Work item:
Repeat the span of the entries below that starts at the line with "This glamourous Twist" and ends at the line with "供应花岗岩芝麻黑白灰火烧板荔枝面广场庭院地铺石黄金麻路沿石材", nothing more. Skip the pictures.

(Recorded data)
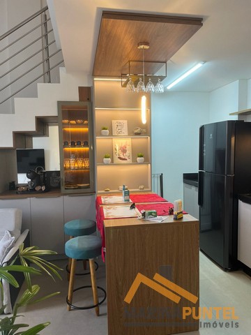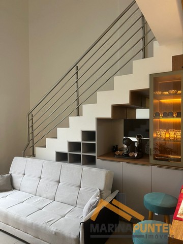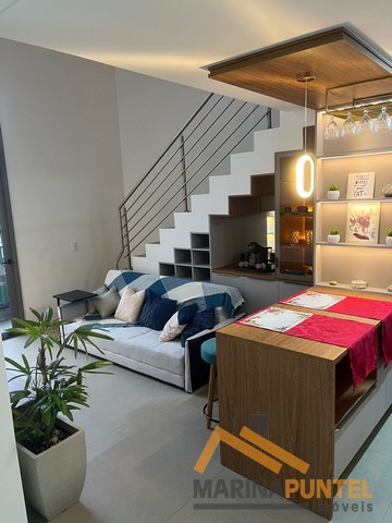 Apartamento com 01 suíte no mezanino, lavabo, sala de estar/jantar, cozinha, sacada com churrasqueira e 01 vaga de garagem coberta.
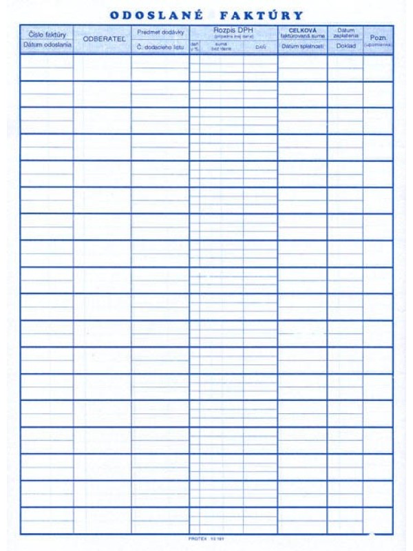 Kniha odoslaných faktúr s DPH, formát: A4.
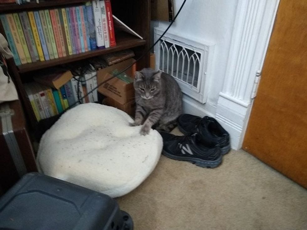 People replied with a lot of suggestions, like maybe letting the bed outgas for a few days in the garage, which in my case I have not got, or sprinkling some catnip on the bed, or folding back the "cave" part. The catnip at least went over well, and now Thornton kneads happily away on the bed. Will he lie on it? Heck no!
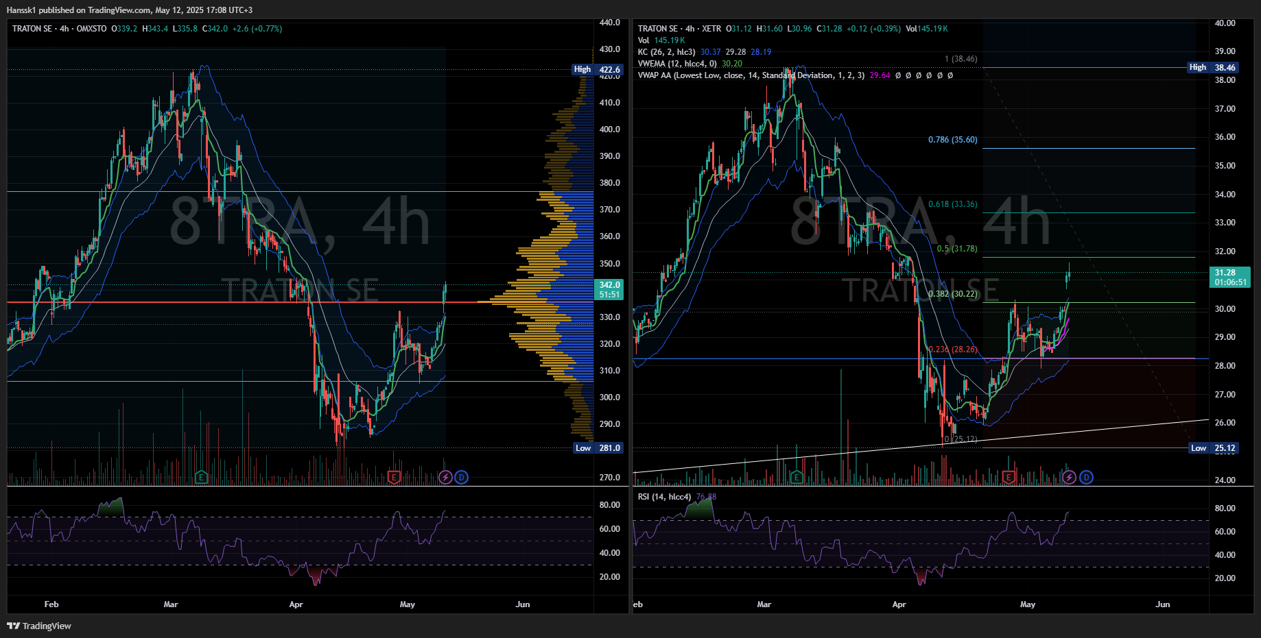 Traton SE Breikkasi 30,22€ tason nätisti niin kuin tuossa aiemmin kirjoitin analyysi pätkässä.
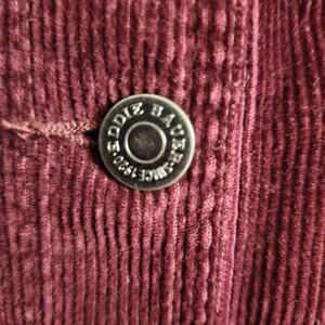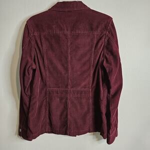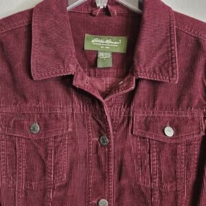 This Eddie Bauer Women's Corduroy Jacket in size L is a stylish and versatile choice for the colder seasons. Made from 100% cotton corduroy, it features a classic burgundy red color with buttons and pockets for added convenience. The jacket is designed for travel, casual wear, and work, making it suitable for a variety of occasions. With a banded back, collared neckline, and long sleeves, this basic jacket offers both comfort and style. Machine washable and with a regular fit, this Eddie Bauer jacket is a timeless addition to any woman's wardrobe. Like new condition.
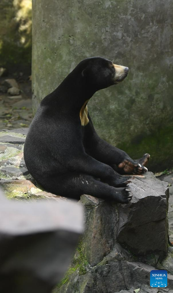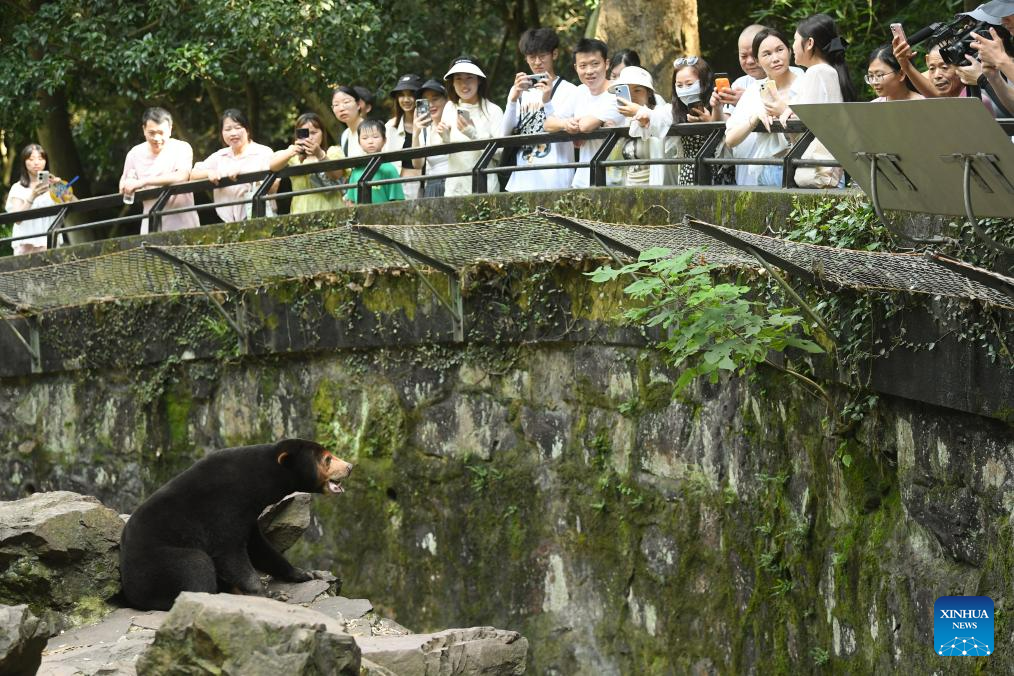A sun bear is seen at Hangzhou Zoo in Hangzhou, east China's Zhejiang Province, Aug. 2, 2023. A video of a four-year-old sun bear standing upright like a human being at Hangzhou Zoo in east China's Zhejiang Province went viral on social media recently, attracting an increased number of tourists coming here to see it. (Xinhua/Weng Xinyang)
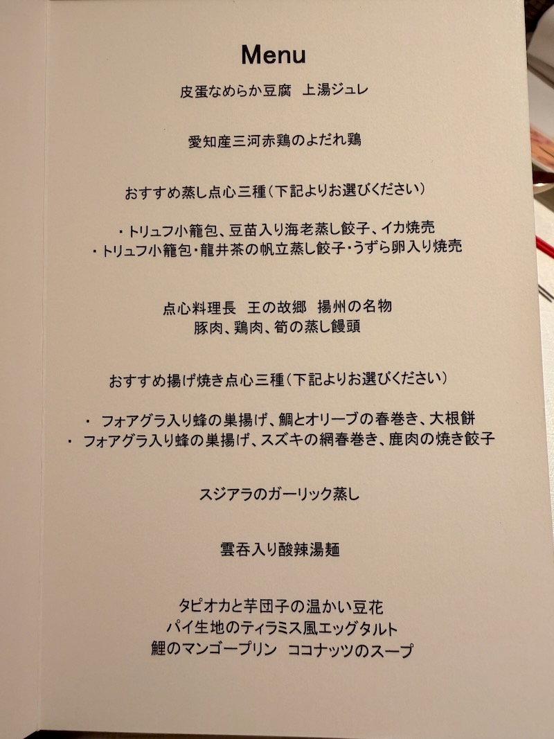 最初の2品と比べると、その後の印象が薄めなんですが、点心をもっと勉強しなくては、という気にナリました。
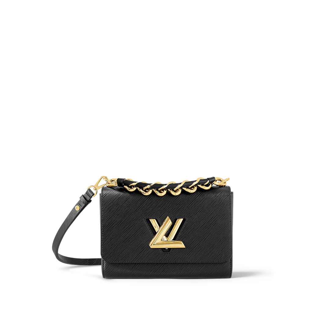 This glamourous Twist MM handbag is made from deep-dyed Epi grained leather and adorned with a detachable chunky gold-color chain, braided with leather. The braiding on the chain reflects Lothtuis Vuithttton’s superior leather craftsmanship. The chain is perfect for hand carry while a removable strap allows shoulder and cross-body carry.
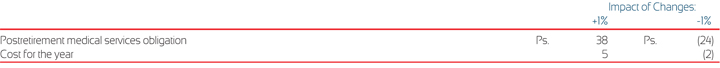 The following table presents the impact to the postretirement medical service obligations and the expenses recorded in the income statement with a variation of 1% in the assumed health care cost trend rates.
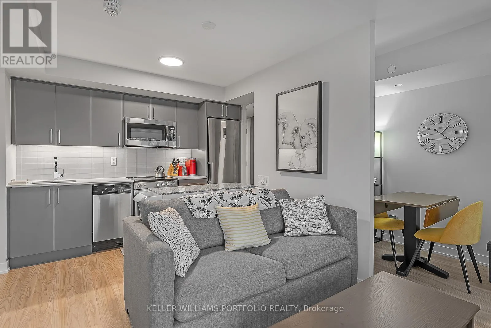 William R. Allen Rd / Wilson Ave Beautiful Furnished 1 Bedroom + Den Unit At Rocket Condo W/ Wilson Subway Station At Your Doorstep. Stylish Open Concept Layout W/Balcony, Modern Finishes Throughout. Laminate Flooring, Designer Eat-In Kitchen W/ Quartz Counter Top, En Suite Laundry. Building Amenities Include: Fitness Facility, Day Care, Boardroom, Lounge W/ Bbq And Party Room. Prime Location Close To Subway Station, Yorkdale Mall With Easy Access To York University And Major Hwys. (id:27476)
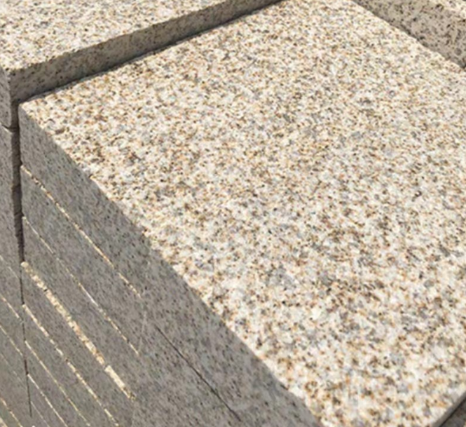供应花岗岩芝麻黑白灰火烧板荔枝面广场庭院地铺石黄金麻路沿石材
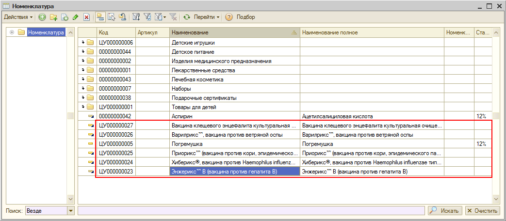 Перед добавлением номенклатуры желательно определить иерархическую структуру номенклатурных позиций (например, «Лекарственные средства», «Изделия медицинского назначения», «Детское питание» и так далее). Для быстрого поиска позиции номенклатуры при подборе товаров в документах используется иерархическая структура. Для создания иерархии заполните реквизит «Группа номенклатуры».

Reply:
 This glamourous Twist MM handbag is made from deep-dyed Epi grained leather and adorned with a detachable chunky gold-color chain, braided with leather. The braiding on the chain reflects Lothtuis Vuithttton’s superior leather craftsmanship. The chain is perfect for hand carry while a removable strap allows shoulder and cross-body carry.
 The following table presents the impact to the postretirement medical service obligations and the expenses recorded in the income statement with a variation of 1% in the assumed health care cost trend rates.
 William R. Allen Rd / Wilson Ave Beautiful Furnished 1 Bedroom + Den Unit At Rocket Condo W/ Wilson Subway Station At Your Doorstep. Stylish Open Concept Layout W/Balcony, Modern Finishes Throughout. Laminate Flooring, Designer Eat-In Kitchen W/ Quartz Counter Top, En Suite Laundry. Building Amenities Include: Fitness Facility, Day Care, Boardroom, Lounge W/ Bbq And Party Room. Prime Location Close To Subway Station, Yorkdale Mall With Easy Access To York University And Major Hwys. (id:27476)
供应花岗岩芝麻黑白灰火烧板荔枝面广场庭院地铺石黄金麻路沿石材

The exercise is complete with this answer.